Recent Enhancements (2026-02-24)

Report Phase — LLM-Powered Audit Generation (v3.3):

File	Change
`src/phases/report.ts`	NEW — `generateReport(opts, onLog)` function: reads `opts.session_data` injected by Cyber-Bridge, calls Claude Sonnet 4 (`claude-sonnet-4-20250514`, `max_tokens: 8192`) with the assembled session context, fault-tolerantly parses the JSON response, and returns a flat `ReportPayload`
`src/worker.ts`	MODIFIED — replaced `case 'report': throw` stub with real implementation: parses `opts`, creates a per-case `reportOnLog` closure that publishes to the Redis log channel, calls `generateReport`, then atomically writes state + session_id + result to Redis and publishes to the completion channel

Report payload shape (published to complete:{tenantId}:{taskId}):

Field	Type	Description
`target`	`string`	Target IP/hostname
`session_id`	`string`	Parent session UUID
`executive_summary`	`string`	Full 5-section Huawei-style markdown (Overview, Test Policy, Result Summary, Per-Vulnerability Detail, Security Suggestions)
`remediation_snippets`	`RemediationSnippet[]`	IaC fix scripts; `language` constrained to `hcl\|yaml\|json\|python\|bash\|powershell`
`compliance_findings`	`ComplianceFinding[]`	Per-regulation audit; `status` ∈ `compliant\|at_risk\|non_compliant`; `score` 0–100
`anti_patterns`	`AntiPattern[]`	Observed defence patterns; `type` ∈ `positive\|negative`
`completed_at`	`string`	ISO 8601 timestamp

Fault-tolerance: if the LLM response is not valid JSON (e.g. wrapped in markdown fences), the parser strips fences and retries. If parsing still fails, field-by-field defaults are used so the task never fatally errors on a parse failure.

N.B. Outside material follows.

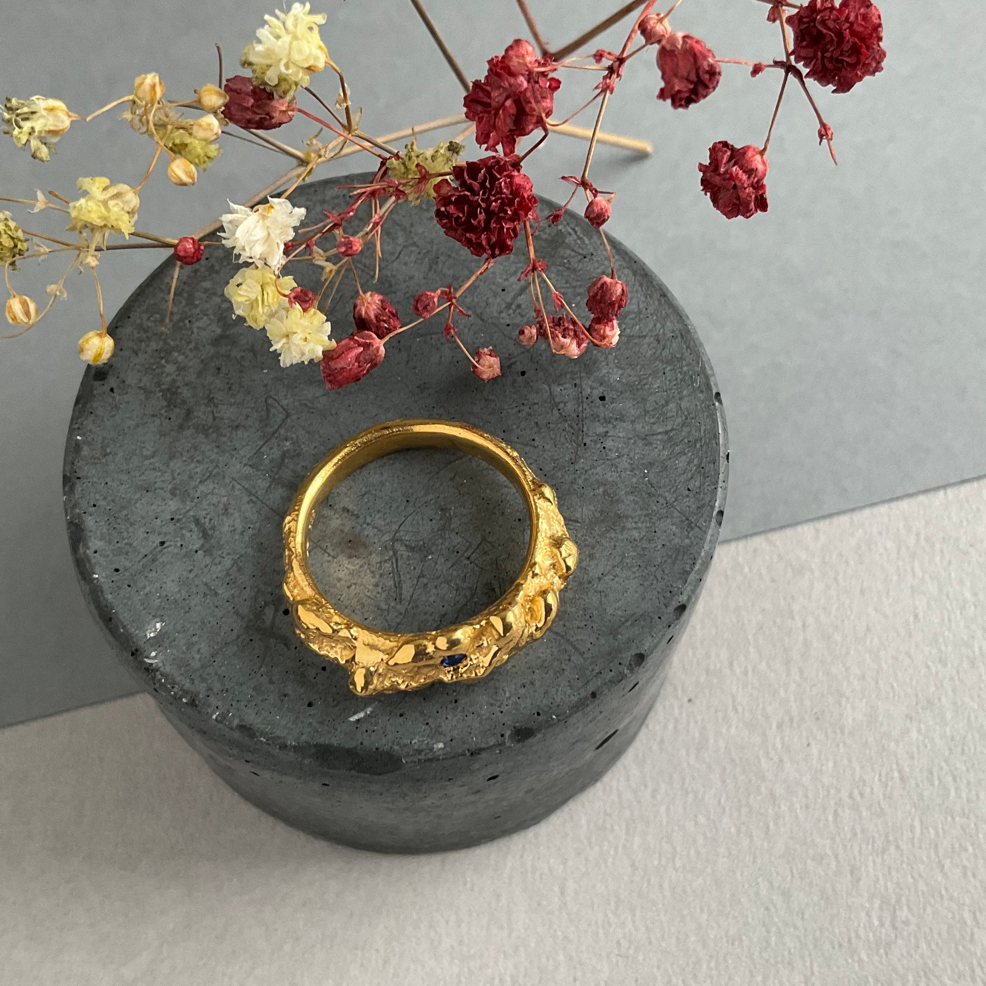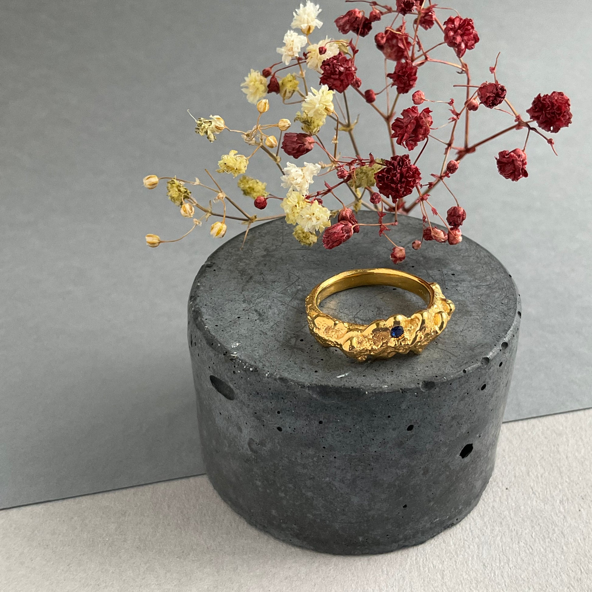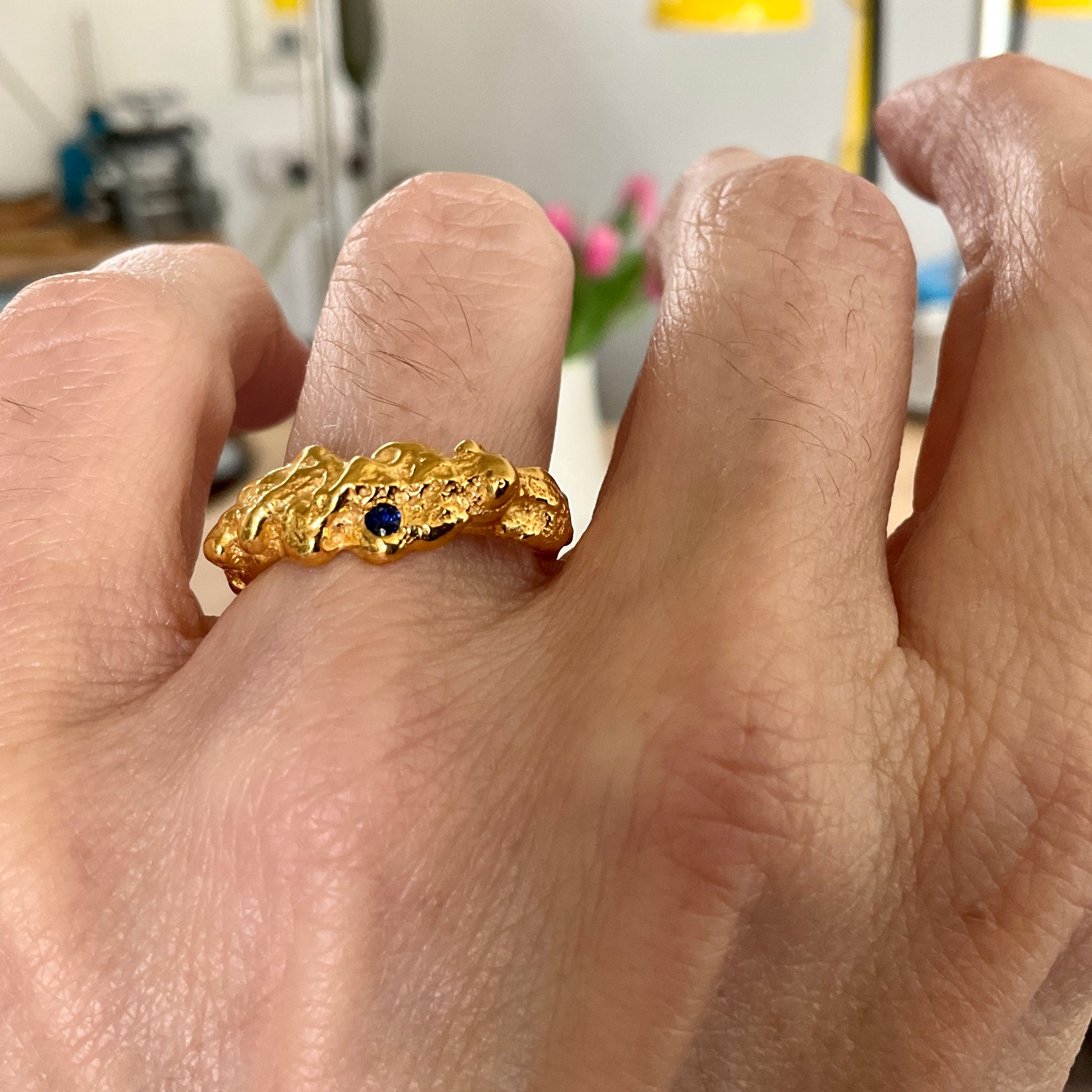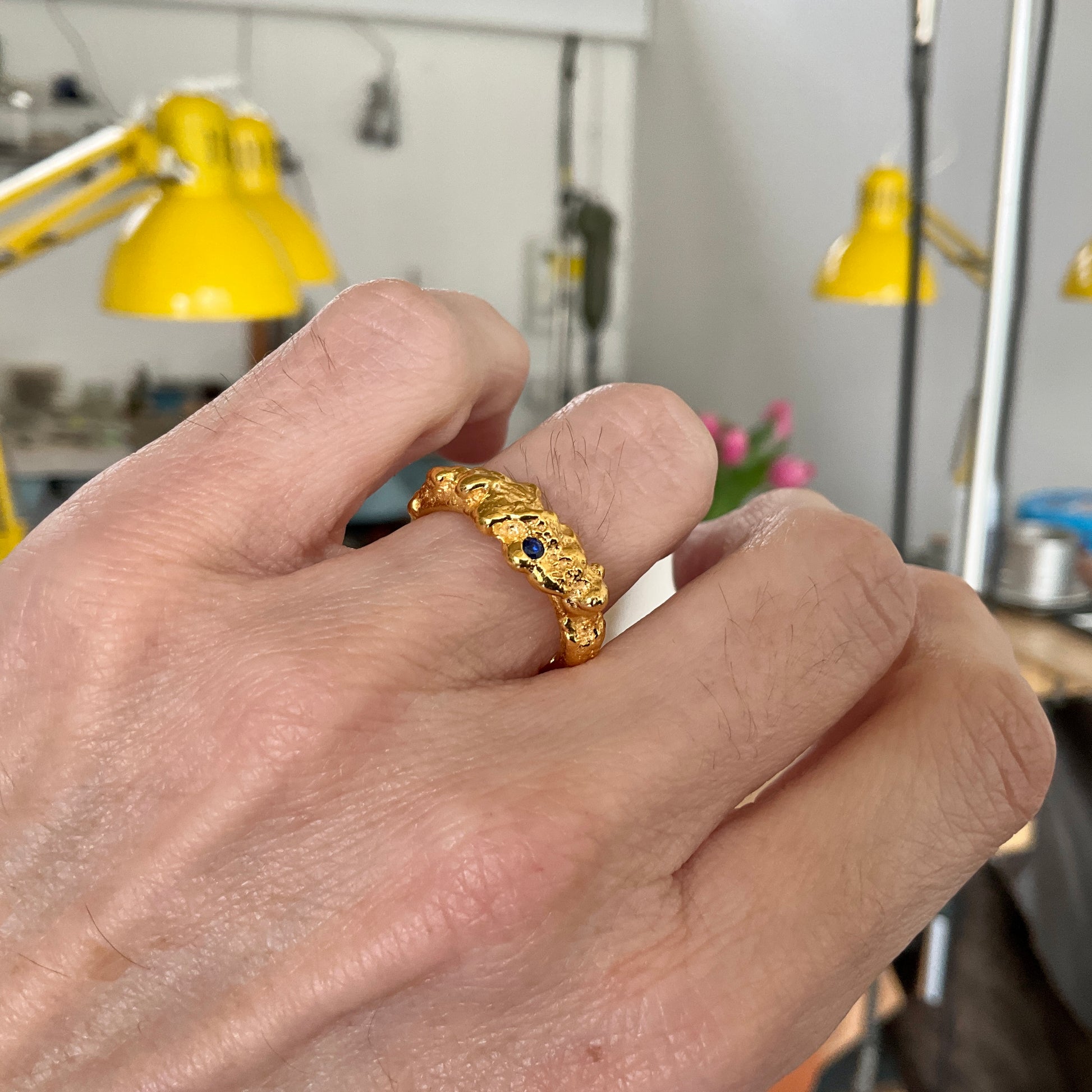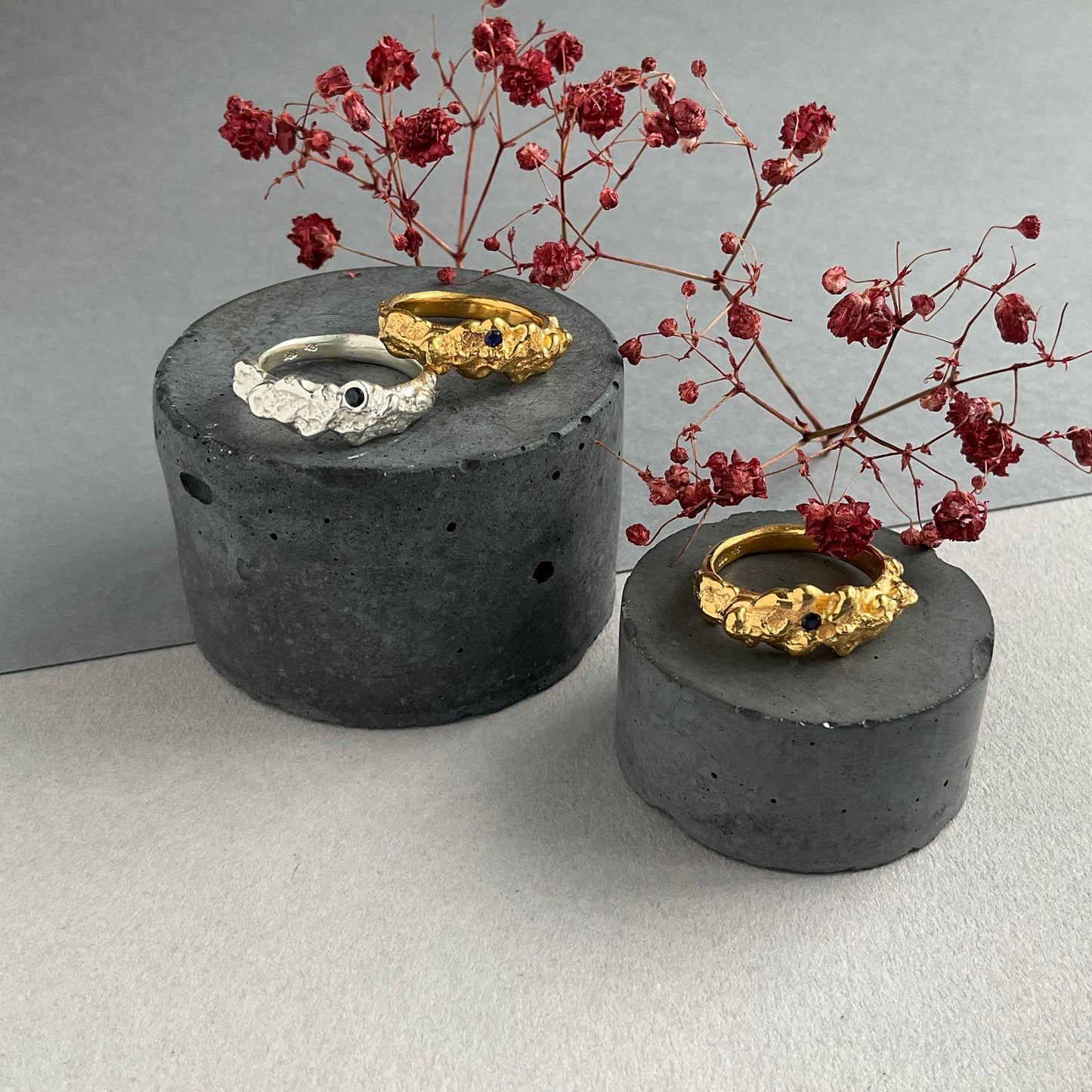 These rings are handcrafted individually so no two are the same, in 24ct yellow gold vermeil and in recycled sterling silver, please choose your favourite from the drop down menu. The Blue Sapphire in each of them are situated in different places and the textures and sizes are also different.

Recent Enhancements (2026-02-15)

Engine Worker + Cyber-Bridge Integration (v3.2):

✅ Engine Worker (src/worker.ts): Redis consumer entry point that connects PentestAgent to Cyber-Bridge web UI
✅ Structured Logging: All orchestrator and AgenticExecutor logs upgraded to LogEntry objects ({ level, phase, message })
✅ onLog Callback: Optional callback in AgentConfig for real-time log relay — worker publishes to Redis Pub/Sub
✅ ReconResult Return Type: reconnaissance() now returns structured results (sessionId, iterations, results, discoveredServices, tacticalPlans, intelligence)
✅ Phase Mapping: recon/plan → reconnaissance(), exec → runAgentLoop(), report → generateReport()
✅ Completion Signaling: Atomic HSET + PUBLISH with result payload on task completion
✅ Standalone Compatibility: CLI mode works identically — onLog is optional, ioredis only imported in worker.ts

Dual MCP + Docker Architecture (v3.0):

✅ Docker Deployment: Brain + Kali containers on bridge network with Docker Compose
✅ DualMCPAgent: RAG (stdio, host) + Kali (HTTP, Docker) replacing 3 stdio servers
✅ AgenticExecutor: OODA loop engine for autonomous exploit execution
✅ 6 New CLI Commands: generate, execute, interactive, autorun, plan, autonomous
✅ Dynamic Tool Discovery: Runtime tool list via kaliClient.listTools()
✅ Unified SkillManager: Merged skill loading + memory + tool-callable methods

Previous Enhancements:

✅ Langfuse Tracing: OpenTelemetry + Langfuse span processor for observability
✅ Duplicate Operation Detection: Command signature tracking with loop intervention
✅ Tactical Plan Passthrough: Executor uses Reasoner's plan directly
✅ Incremental Intelligence: Fingerprint tracking, CVE dedup, retry with backoff
✅ 5-Layer Architecture: Core, intelligence, knowledge, execution, utils

📦 External Dependencies (Separate Repositories)

pentest-mcp-server:

✅ Nmap MCP Server (Complete)
✅ SearchSploit MCP Server (Complete)

pentest-rag-memory (Separate Repo):

✅ Phase 1: Type definitions, ChromaDB client, seed data (Complete)
⏳ Phase 2: ETL pipeline (Planned)
⏳ Phase 3: RAG MCP server (Planned)

Next Steps

End-to-End Bridge Testing: Verify full Web UI → Cyber-Bridge → Worker → Agent loop
- Start Redis + Cyber-Bridge + Worker + Kali stack
- Create tasks from the web UI and observe real-time log streaming
- Verify completion results arrive in the web client
Report Phase Implementation: Add report generation to the worker
- Generate structured pentest reports from ReconResult data
- Support PDF/HTML output formats
- Wire to the report phase in the worker's phase mapping
RAG Memory ETL Pipeline: Complete learning loop
- Process session JSONL logs into anti-patterns
- Extract successful techniques as new playbooks
- Test memory injection improves future sessions
Training Data Pipeline: Set up RLHF/fine-tuning workflow
- Process collected training pairs from evaluation loop
- Build preference datasets from TP/FP/FN/TN labels
- Measure model improvement over time
Multi-Tenant Deployment: Scale to parallel engagements
- Multiple Kali containers per engagement
- Shared RAG Memory across sessions
- Concurrent worker instances with task-level isolation

Project Statistics

Code Metrics (Lines of Code)

✨ Updated for Legacy Cleanup & Restructure v3.1 (2026-02-14)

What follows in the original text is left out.